### [Exercise objective]
In the entries that follow, repeat exactly the lines from the one that has "Oval Cut 1.01CT" through the one that has "当前位置: 91家纺网 >", but omit pictures.

### [Given records]

BEGIN

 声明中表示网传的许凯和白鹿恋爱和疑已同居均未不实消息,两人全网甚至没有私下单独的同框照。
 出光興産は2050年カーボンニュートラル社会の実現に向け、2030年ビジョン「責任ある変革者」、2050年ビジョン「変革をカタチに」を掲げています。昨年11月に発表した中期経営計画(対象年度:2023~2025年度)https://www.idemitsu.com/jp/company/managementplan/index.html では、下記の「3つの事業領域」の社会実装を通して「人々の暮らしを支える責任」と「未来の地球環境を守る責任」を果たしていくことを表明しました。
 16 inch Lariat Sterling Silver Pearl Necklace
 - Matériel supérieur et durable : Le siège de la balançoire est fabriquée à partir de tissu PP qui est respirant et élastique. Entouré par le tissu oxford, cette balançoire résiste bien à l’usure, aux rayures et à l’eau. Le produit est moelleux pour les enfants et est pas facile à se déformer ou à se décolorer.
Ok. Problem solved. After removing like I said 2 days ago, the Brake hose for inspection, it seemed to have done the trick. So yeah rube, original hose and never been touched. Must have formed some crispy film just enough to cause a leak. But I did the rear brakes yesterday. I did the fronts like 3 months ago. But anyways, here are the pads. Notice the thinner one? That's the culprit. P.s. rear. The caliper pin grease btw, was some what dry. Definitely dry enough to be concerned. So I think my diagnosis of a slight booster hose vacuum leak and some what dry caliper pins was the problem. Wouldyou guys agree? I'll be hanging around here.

END
BEGIN

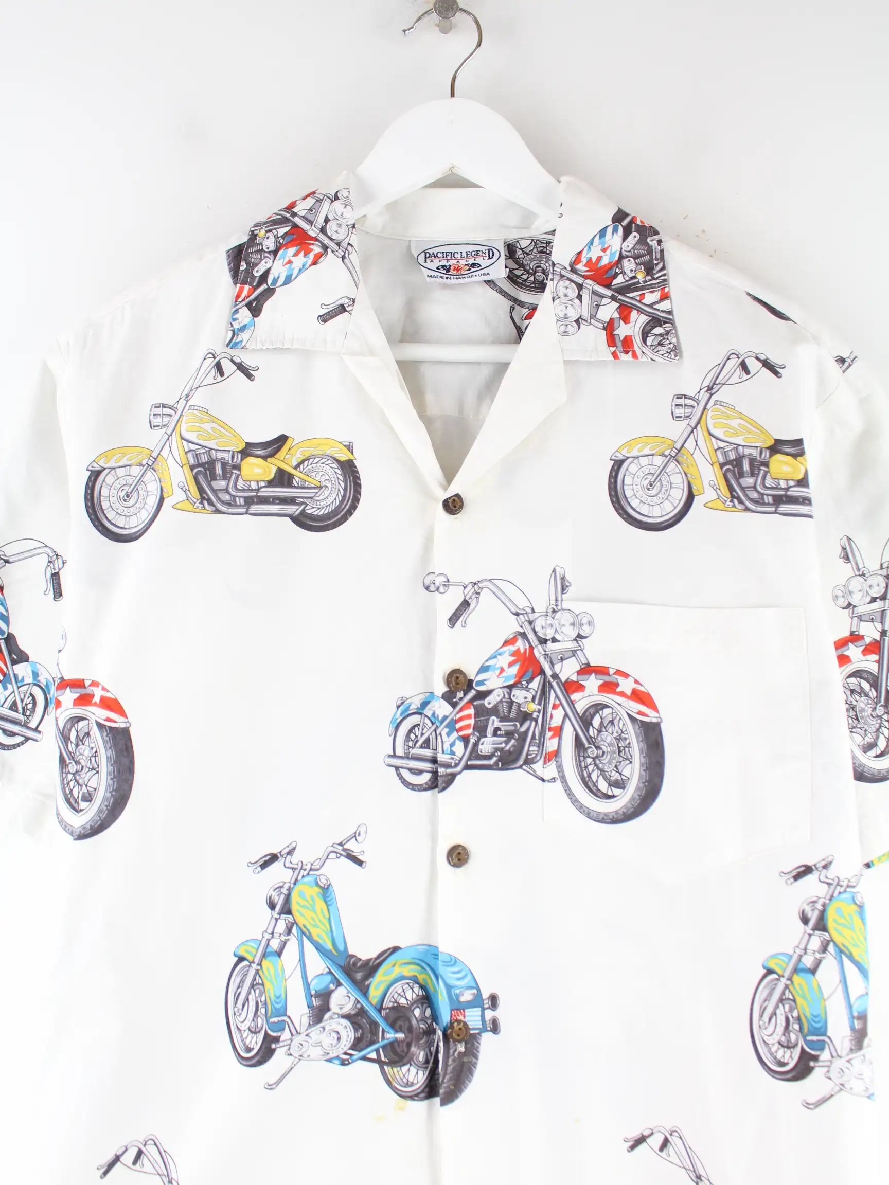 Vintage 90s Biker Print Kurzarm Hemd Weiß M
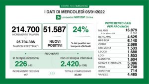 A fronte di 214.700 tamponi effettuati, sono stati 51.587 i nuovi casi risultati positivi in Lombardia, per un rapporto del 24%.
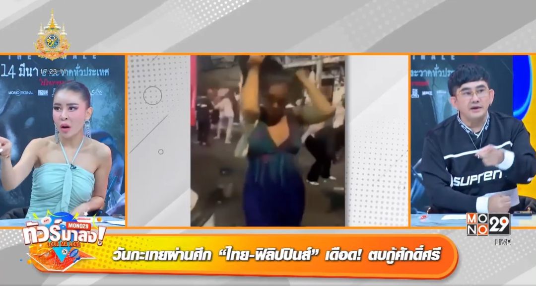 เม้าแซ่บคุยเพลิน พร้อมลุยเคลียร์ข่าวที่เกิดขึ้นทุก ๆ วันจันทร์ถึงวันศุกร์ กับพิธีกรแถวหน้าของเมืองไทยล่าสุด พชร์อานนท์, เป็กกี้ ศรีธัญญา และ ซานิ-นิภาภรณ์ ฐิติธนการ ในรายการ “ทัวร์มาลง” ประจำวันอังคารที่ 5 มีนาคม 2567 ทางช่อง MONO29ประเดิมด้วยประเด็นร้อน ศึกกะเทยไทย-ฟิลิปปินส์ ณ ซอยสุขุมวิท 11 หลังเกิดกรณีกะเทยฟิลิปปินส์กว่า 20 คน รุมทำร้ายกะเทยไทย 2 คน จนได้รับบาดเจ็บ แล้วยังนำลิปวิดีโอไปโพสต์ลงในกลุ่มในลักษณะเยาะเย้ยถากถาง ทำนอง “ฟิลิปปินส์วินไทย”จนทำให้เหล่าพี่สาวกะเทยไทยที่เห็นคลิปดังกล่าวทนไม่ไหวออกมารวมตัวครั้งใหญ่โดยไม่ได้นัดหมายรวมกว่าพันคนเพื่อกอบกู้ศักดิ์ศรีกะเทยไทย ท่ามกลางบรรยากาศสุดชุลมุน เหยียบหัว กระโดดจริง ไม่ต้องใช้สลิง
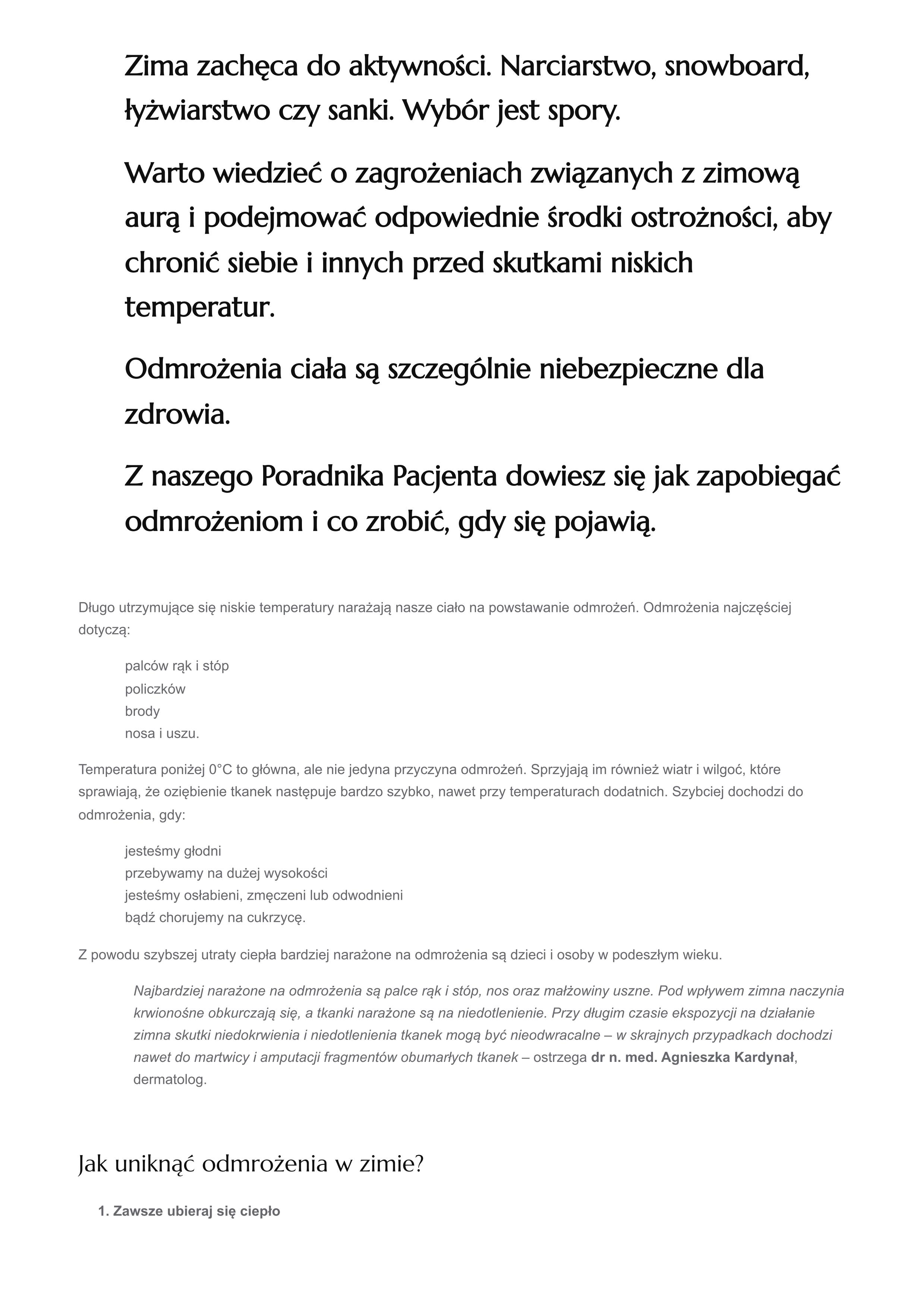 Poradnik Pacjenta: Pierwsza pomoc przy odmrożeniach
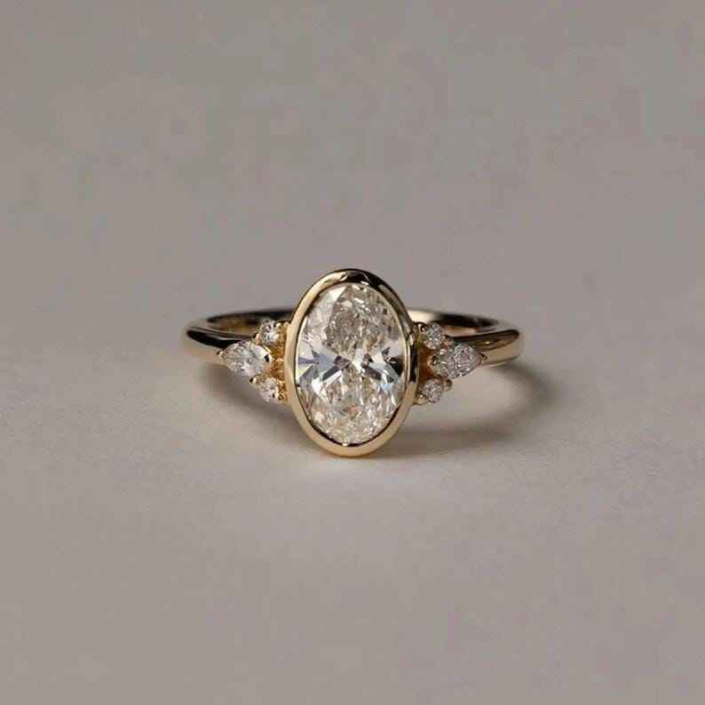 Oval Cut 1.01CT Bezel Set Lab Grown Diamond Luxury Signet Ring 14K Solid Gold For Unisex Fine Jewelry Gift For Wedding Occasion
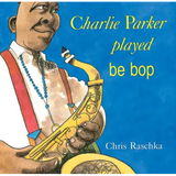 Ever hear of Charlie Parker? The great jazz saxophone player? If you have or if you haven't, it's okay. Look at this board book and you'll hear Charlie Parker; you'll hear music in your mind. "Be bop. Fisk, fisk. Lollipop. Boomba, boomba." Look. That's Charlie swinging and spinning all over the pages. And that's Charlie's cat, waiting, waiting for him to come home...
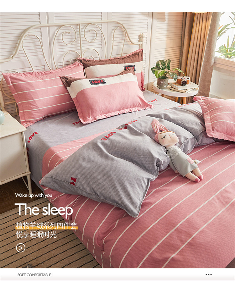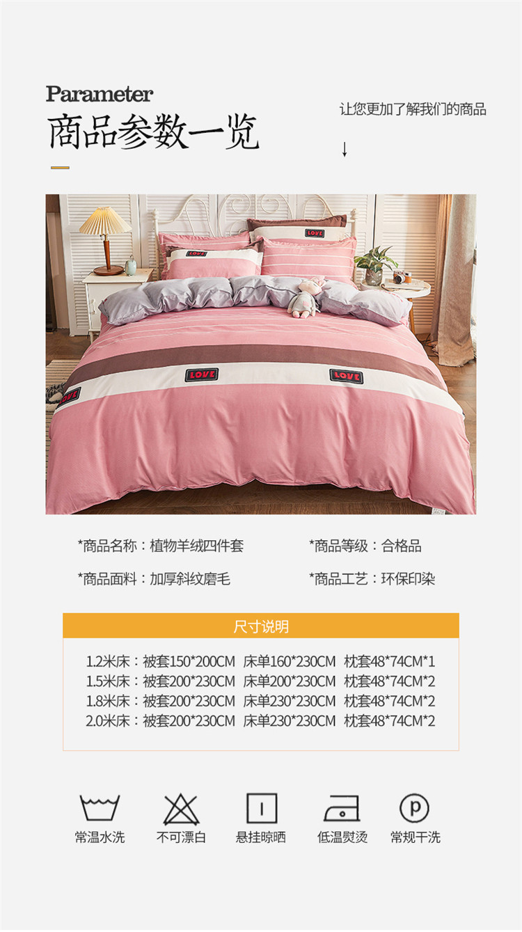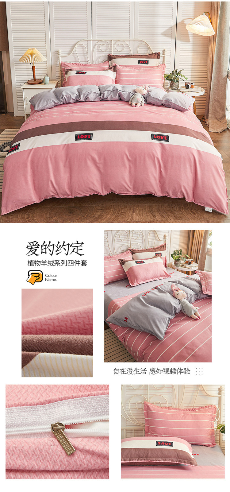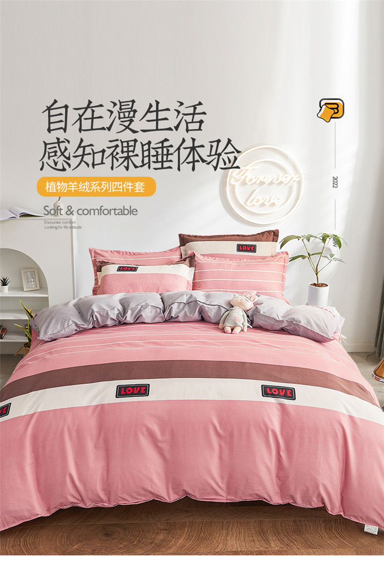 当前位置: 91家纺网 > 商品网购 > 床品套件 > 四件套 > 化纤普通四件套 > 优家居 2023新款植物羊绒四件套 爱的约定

END
BEGIN

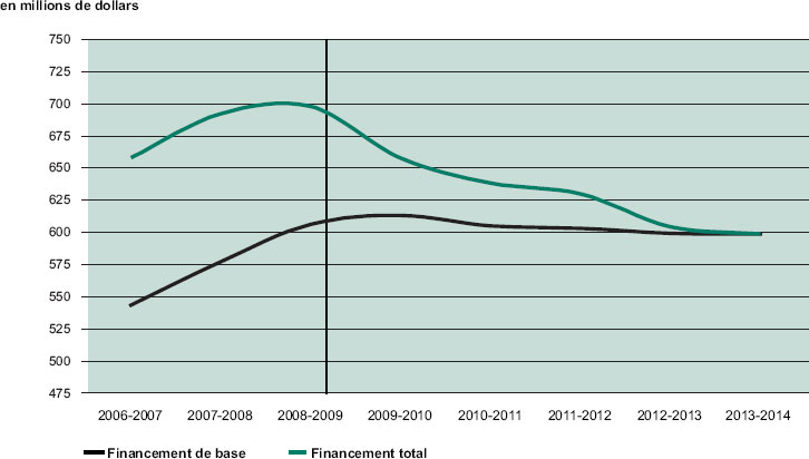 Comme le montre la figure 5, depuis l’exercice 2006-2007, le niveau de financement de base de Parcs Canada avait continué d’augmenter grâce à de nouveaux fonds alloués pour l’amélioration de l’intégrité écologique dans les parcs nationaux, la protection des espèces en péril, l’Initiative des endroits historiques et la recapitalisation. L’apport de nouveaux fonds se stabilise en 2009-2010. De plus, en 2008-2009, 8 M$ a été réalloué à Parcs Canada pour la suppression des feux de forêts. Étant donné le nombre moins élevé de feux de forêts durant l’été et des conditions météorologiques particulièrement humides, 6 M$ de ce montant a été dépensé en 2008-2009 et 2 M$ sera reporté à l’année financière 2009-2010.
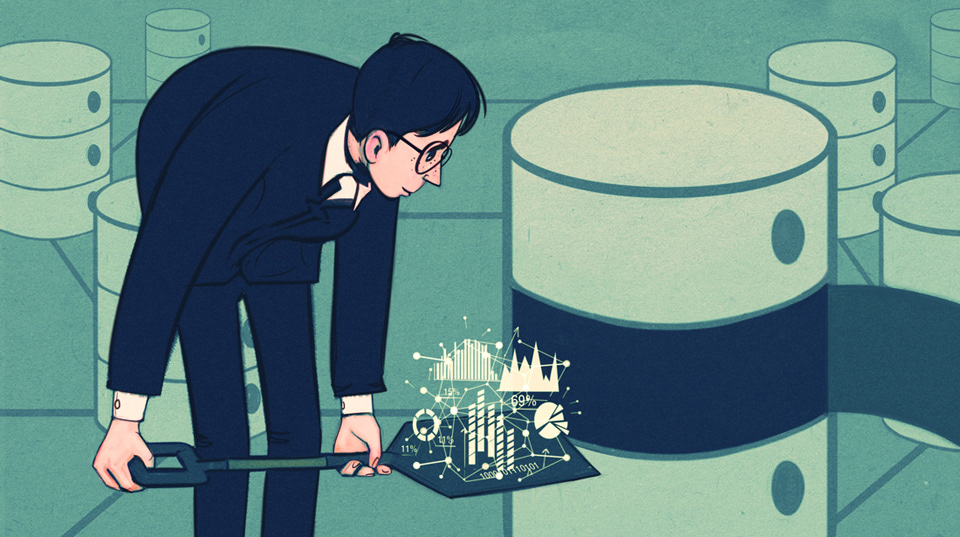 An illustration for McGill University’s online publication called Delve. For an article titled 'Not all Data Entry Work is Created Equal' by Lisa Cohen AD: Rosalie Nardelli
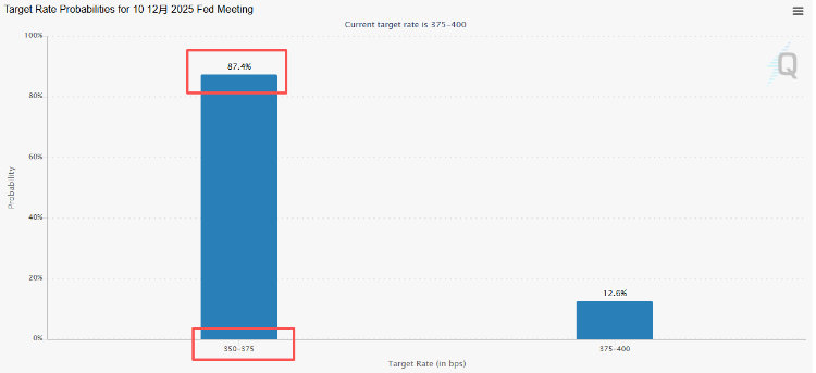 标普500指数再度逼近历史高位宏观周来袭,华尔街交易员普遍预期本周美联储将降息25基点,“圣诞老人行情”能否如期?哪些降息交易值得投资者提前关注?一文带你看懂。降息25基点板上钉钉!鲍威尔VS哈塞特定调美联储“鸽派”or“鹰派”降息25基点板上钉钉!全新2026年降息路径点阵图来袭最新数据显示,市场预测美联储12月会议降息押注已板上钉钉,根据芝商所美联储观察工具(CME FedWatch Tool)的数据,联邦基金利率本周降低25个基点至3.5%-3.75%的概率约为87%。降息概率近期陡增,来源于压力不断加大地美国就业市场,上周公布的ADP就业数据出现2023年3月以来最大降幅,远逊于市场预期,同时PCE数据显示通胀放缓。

END

### [Solved problem]
 Oval Cut 1.01CT Bezel Set Lab Grown Diamond Luxury Signet Ring 14K Solid Gold For Unisex Fine Jewelry Gift For Wedding Occasion
 Ever hear of Charlie Parker? The great jazz saxophone player? If you have or if you haven't, it's okay. Look at this board book and you'll hear Charlie Parker; you'll hear music in your mind. "Be bop. Fisk, fisk. Lollipop. Boomba, boomba." Look. That's Charlie swinging and spinning all over the pages. And that's Charlie's cat, waiting, waiting for him to come home...
 当前位置: 91家纺网 > 商品网购 > 床品套件 > 四件套 > 化纤普通四件套 > 优家居 2023新款植物羊绒四件套 爱的约定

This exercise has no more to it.